### [YOUR GOAL]
Your answer must be the lines from the start of the records through the line with "If you feel", exactly as written, without the pictures.

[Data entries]
-- -- --
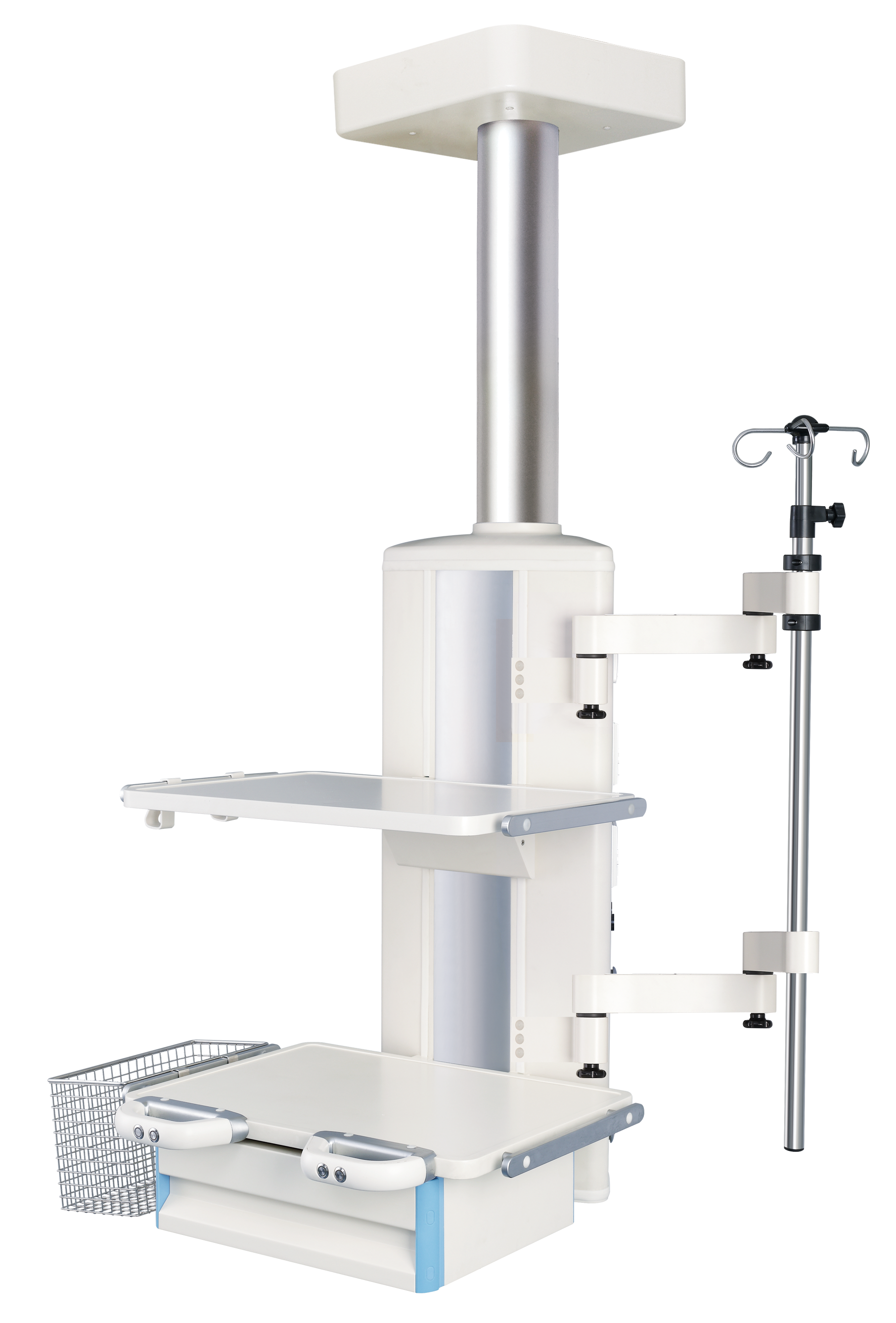 ICU 干濕分離旋臂吊橋 適用于醫院ICU病房,是現代重癥監(jiān)護病房必備的醫療搶救輔助設備,主要由橋架,干段和濕段組成。其特點在于合理的干濕分離結構,濕段配置升降靈活的輸液架和輸液泵架。干濕段配置有可升降調節(jié)的醫療監(jiān)護儀器平臺,在干濕段上分別將氧氣,空氣,吸引,強弱電,網絡輸入終端配置在醫護人員抬手可及的塔體上。濕段采用懸臂結構,提高了治療空間,移動旋轉部分采用氣控制動防飄移,桁架中央配置一款環(huán)保,節(jié)能的LED照明治療。為臨床治療提供了照明解決方案,另外還可根據您的要求選配通信傳呼,監(jiān)控,可視電話
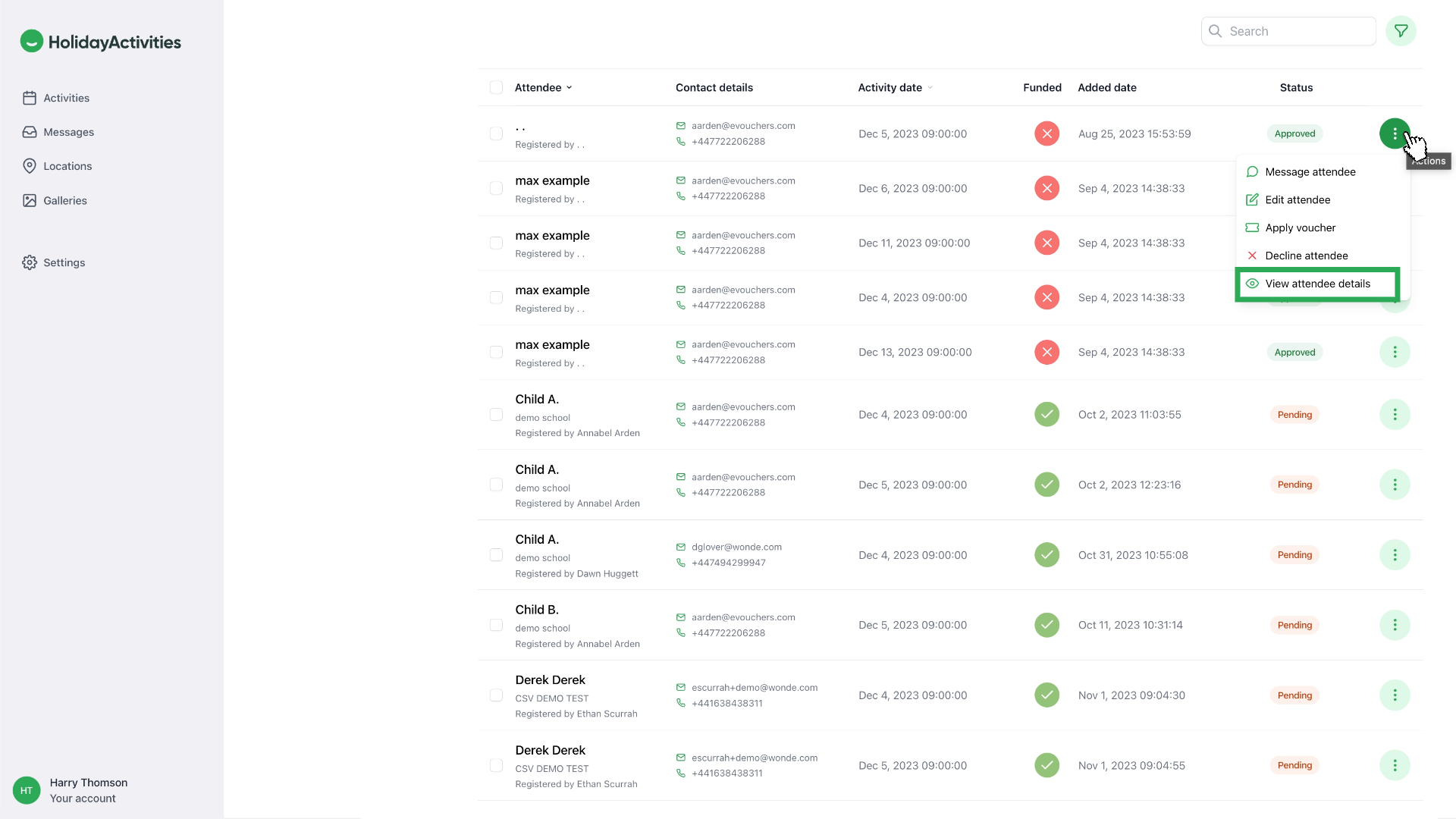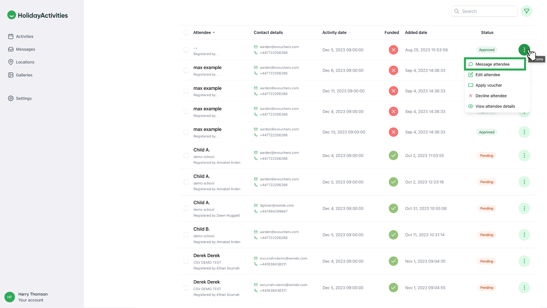 If you feel there is information missing that you require, go back to your attendee list. You can then locate the student and click on the three dots before selecting Message attendee. Here, you can send a message to the parent of the recipient to request the information you require.
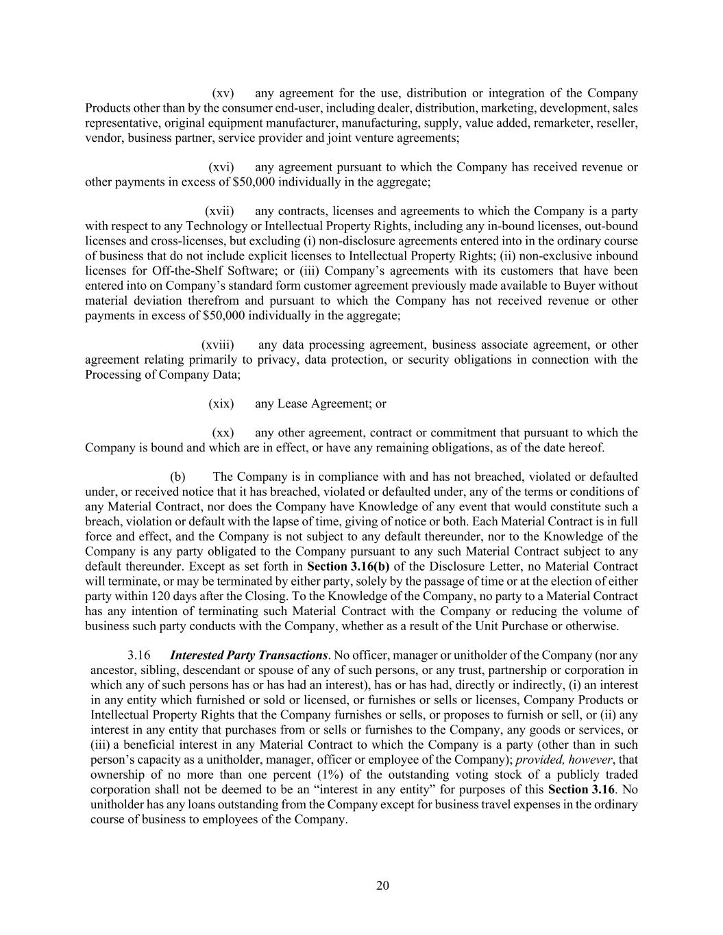 20 (xv) any agreement for the use, distribution or integration of the Company Products other than by the consumer end-user, including dealer, distribution, marketing, development, sales representative, original equipment manufacturer, manufacturing, supply, value added, remarketer, reseller, vendor, business partner, service provider and joint venture agreements; (xvi) any agreement pursuant to which the Company has received revenue or other payments in excess of $50,000 individually in the aggregate; (xvii) any contracts, licenses and agreements to which the Company is a party with respect to any Technology or Intellectual Property Rights, including any in-bound licenses, out-bound licenses and cross-licenses, but excluding (i) non-disclosure agreements entered into in the ordinary course of business that do not include explicit licenses to Intellectual Property Rights; (ii) non-exclusive inbound licenses for Off-the-Shelf Software; or (iii) Company’s agreements with its customers that have been entered into on Company’s standard form customer agreement previously made available to Buyer without material deviation therefrom and pursuant to which the Company has not received revenue or other payments in excess of $50,000 individually in the aggregate; (xviii) any data processing agreement, business associate agreement, or other agreement relating primarily to privacy, data protection, or security obligations in connection with the Processing of Company Data; (xix) any Lease Agreement; or (xx) any other agreement, contract or commitment that pursuant to which the Company is bound and which are in effect, or have any remaining obligations, as of the date hereof. (b) The Company is in compliance with and has not breached, violated or defaulted under, or received notice that it has breached, violated or defaulted under, any of the terms or conditions of any Material Contract, nor does the Company have Knowledge of any event that would constitute such a breach, violation or default with the lapse of time, giving of notice or both. Each Material Contract is in full force and effect, and the Company is not subject to any default thereunder, nor to the Knowledge of the Company is any party obligated to the Company pursuant to any such Material Contract subject to any default thereunder. Except as set forth in Section 3.16(b) of the Disclosure Letter, no Material Contract will terminate, or may be terminated by either party, solely by the passage of time or at the election of either party within 120 days after the Closing. To the Knowledge of the Company, no party to a Material Contract has any intention of terminating such Material Contract with the Company or reducing the volume of business such party conducts with the Company, whether as a result of the Unit Purchase or otherwise. 3.16 Interested Party Transactions. No officer, manager or unitholder of the Company (nor any ancestor, sibling, descendant or spouse of any of such persons, or any trust, partnership or corporation in which any of such persons has or has had an interest), has or has had, directly or indirectly, (i) an interest in any entity which furnished or sold or licensed, or furnishes or sells or licenses, Company Products or Intellectual Property Rights that the Company furnishes or sells, or proposes to furnish or sell, or (ii) any interest in any entity that purchases from or sells or furnishes to the Company, any goods or services, or (iii) a beneficial interest in any Material Contract to which the Company is a party (other than in such person’s capacity as a unitholder, manager, officer or employee of the Company); provided, however, that ownership of no more than one percent (1%) of the outstanding voting stock of a publicly traded corporation shall not be deemed to be an “interest in any entity” for purposes of this Section 3.16. No unitholder has any loans outstanding from the Company except for business travel expenses in the ordinary course of business to employees of the Company.
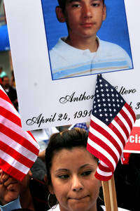 Cientos de personas se manifestaron ayer en Los Angeles, California, en memoria del joven Anthony Soltero, un estudiante de 14 años que el pasado 30 de marzo se suicidó con una escopeta, luego de que fuera amonestado por un funcionario escolar debido a su participación en una marcha contra la criminalización de los indocumentados en Estados Unidos FOTO Ap
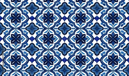 a blue and white pattern with a flower on the side. generative ai
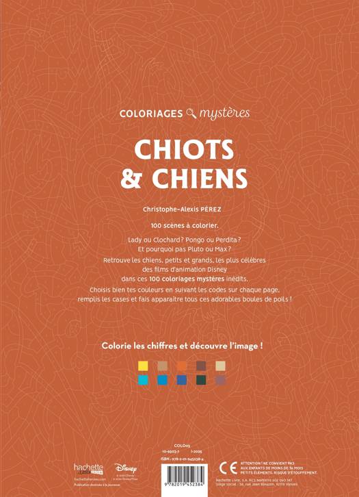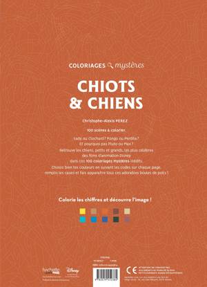 Retrouve les chiens, petits et grands, les plus célèbres et emblématiques des films d'animation Disney dans ces 100 coloriages mystères inédits.
-- -- --
### [RESPONSE]
 ICU 干濕分離旋臂吊橋 適用于醫院ICU病房,是現代重癥監(jiān)護病房必備的醫療搶救輔助設備,主要由橋架,干段和濕段組成。其特點在于合理的干濕分離結構,濕段配置升降靈活的輸液架和輸液泵架。干濕段配置有可升降調節(jié)的醫療監(jiān)護儀器平臺,在干濕段上分別將氧氣,空氣,吸引,強弱電,網絡輸入終端配置在醫護人員抬手可及的塔體上。濕段采用懸臂結構,提高了治療空間,移動旋轉部分采用氣控制動防飄移,桁架中央配置一款環(huán)保,節(jié)能的LED照明治療。為臨床治療提供了照明解決方案,另外還可根據您的要求選配通信傳呼,監(jiān)控,可視電話
 If you feel there is information missing that you require, go back to your attendee list. You can then locate the student and click on the three dots before selecting Message attendee. Here, you can send a message to the parent of the recipient to request the information you require.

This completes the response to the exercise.